On the classification of homoclinic attractors of three-dimensional flows

Abstract

For three-dimensional dynamical systems with continuous time (flows), a classification of strange homoclinic attractors containing an unique saddle equilibrium state is constructed. The structure and properties of such attractors are determined by the triple of eigenvalues of the equilibrium state. The method of a saddle charts is used for the classification of homoclinic attractors. The essence of this method is in the construction of an extended bifurcation diagram for a wide class of three-dimensional flows (whose linearization matrix is written in the Frobenius form). Regions corresponding to different configurations of eigenvalues are marked in this extended bifurcation diagram. In the space of parameters defining the linear part of the considered class of three-dimensional flows bifurcation surfaces bounding 7 regions are constructed. One region corresponds to the stability of the equilibrium states while other 6 regions correspond to various homoclinic attractors of the following types: Shilnikov attractor, 2 types of spiral figure-eight attractors, Lorenz- like attractor, saddle Shilnikov attractor and attractor of Lyubimov-Zaks-Rovella.
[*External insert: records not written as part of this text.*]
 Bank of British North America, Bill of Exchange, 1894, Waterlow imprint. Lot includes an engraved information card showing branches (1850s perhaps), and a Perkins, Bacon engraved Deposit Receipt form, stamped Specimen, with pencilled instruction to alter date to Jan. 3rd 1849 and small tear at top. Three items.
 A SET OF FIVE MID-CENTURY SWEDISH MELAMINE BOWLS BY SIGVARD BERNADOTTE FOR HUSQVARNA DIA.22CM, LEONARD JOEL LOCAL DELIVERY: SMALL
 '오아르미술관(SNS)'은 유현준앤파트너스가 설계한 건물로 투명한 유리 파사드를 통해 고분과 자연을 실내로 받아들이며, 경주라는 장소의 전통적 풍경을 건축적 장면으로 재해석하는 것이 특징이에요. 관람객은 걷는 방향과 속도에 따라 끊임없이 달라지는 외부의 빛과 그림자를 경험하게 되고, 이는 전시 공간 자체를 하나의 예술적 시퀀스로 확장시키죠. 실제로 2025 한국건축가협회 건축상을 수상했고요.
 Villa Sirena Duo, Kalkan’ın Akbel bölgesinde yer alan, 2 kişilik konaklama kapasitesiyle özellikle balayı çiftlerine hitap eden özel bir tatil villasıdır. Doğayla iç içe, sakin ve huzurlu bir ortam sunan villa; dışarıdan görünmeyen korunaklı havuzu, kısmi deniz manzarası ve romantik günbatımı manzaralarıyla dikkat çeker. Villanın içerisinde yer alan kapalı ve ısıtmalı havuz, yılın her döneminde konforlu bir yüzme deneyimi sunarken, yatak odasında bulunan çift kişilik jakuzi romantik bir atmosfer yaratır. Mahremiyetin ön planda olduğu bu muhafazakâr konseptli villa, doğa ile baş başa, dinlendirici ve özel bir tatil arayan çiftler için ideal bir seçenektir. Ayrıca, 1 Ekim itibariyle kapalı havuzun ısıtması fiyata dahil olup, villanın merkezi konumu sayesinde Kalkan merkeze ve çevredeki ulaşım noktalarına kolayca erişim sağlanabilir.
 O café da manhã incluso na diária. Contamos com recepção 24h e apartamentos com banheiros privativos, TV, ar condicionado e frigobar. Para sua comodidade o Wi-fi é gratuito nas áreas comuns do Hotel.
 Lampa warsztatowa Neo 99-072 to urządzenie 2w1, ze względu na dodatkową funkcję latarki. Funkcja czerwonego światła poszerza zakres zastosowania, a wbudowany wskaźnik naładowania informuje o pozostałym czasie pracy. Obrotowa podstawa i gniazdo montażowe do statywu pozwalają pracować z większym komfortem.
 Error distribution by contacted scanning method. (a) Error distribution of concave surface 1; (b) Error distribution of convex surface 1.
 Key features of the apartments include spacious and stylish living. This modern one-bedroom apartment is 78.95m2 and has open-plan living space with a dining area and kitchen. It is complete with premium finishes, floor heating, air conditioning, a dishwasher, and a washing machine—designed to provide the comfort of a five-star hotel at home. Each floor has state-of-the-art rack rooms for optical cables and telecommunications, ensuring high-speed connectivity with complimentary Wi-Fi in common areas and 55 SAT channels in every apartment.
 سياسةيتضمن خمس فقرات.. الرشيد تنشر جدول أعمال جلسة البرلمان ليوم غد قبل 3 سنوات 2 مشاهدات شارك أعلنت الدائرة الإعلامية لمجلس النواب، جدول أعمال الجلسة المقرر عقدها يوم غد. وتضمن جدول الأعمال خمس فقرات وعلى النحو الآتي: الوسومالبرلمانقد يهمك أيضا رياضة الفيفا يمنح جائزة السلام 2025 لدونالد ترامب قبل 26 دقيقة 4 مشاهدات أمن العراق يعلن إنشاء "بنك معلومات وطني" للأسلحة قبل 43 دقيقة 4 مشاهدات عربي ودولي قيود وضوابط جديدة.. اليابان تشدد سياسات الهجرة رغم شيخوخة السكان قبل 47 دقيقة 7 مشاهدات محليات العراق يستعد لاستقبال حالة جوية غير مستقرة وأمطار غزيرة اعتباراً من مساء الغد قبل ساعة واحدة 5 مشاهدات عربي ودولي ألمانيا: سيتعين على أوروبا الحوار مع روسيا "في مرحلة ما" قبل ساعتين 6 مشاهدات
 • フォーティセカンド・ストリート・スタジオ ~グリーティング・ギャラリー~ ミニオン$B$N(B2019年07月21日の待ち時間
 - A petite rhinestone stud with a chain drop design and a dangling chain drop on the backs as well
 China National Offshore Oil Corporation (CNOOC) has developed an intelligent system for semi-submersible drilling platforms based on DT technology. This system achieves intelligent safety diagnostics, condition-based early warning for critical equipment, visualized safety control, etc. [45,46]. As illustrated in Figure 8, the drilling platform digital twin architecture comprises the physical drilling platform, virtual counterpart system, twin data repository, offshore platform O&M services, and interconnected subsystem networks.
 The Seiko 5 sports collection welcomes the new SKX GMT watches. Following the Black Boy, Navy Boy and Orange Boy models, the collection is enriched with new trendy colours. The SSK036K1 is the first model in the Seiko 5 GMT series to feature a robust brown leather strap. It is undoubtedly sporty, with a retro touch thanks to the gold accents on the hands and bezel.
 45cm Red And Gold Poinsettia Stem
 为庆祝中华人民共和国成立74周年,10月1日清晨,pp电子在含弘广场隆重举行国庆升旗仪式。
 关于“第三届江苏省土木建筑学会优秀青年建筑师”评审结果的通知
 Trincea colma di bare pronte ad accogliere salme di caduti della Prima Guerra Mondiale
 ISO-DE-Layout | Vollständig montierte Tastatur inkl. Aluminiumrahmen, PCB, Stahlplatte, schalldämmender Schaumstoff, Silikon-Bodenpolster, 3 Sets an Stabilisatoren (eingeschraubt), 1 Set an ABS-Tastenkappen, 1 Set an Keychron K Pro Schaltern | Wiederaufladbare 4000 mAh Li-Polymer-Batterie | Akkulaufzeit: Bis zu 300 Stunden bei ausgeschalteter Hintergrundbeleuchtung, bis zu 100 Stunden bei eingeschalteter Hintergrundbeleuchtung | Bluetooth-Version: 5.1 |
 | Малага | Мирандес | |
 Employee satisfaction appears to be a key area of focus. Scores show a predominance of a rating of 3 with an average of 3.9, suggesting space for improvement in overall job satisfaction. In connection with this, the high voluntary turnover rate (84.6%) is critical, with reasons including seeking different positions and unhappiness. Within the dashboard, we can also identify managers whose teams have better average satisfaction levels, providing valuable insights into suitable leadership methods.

The paper also discusses questions related to the pseudohyperbolicity of homoclinic attractors of three-dimensional flows. It is proved that only homoclinic attractors of two types can be pseudohyperbolic: Lorenz-like attractors containing a saddle equilibrium with a two-dimensional stable manifold whose saddle value is positive and saddle Shilnikov attractors containing a saddle equilibrium state with a two-dimensional unstable manifold.